У Анфиски от слов этих, про красоту неземную, глаза-то как плошки сделались. Челюсть так и отвисла, но промолчала, стерва.

- А как половцы увели? – поддакнула из угла тетка.

- Цыц, выхухоль вшивая! Тварь поганая! Кикимора идейная, не уберегла кровинушку мою единственную, убью! – врезав кулаком по столу взревел боярин.

Тетка заткнулась, плотнее прикрывшись куском говядины.

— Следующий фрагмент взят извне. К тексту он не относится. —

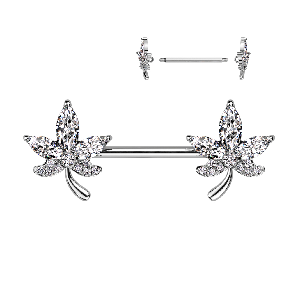 Tento krásný třpytivý šperk do bradavky s listy, které jsou poseté spoustou kamínků.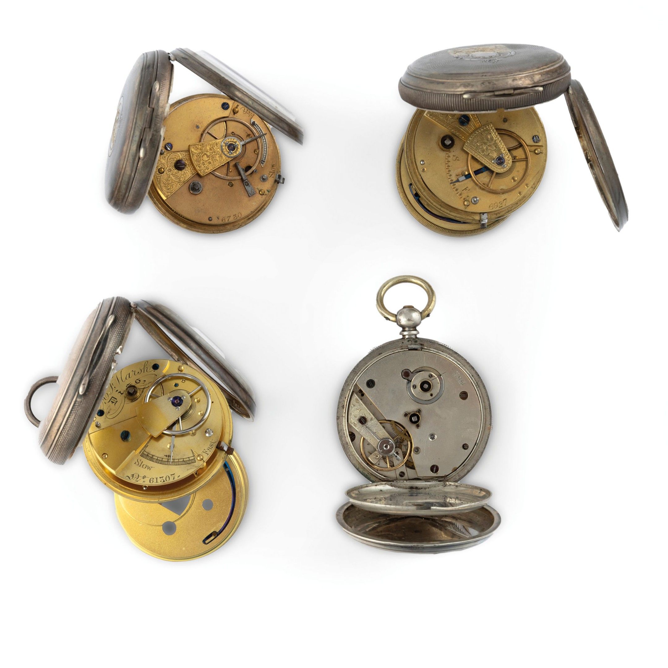 LOT OF 4 OPEN FACE POCKET WATCHES WITH SILVER CASES, ENGLAND CIRCA 1860-1880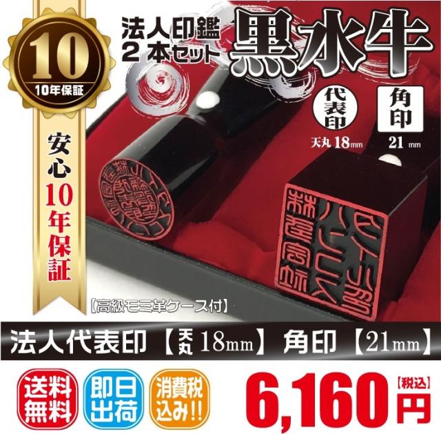 代表印18mm(天丸)角印21mm はんこ 黒水牛 印鑑 会社設立 法人印鑑

- Мда, что ж вы, Нил Нийевич такую красавицу не уберегли? – хмуро двинув бровью, спросил старший.

- Ааааааа! – еще пуще, взвыл боярин.

- Коль жива еще, сыщем! Из-под земли достанем. Такую красоту в мешке не утаишь, где-то слух да пройдет.

Когда дружина скрылась за поворотом, оставив в память о себе лишь облако пыли, тетка вновь ожила.

- Может, надо им было сказать?

- Чаво? – злобно зашипел папаня.

- Она может быть кривой на один глаз.

- Ну, б…ь! Я тебе этого не прощу!

На следующий день, чуть зорька позлатила маковки терема, тетка уже шустро выгребала навоз на скотном дворе. Вот там ей самое место и было. Матриархальные идеи как корова языком слизала, а под вторым глазом сиял великолепный фингал, даже покруче первого.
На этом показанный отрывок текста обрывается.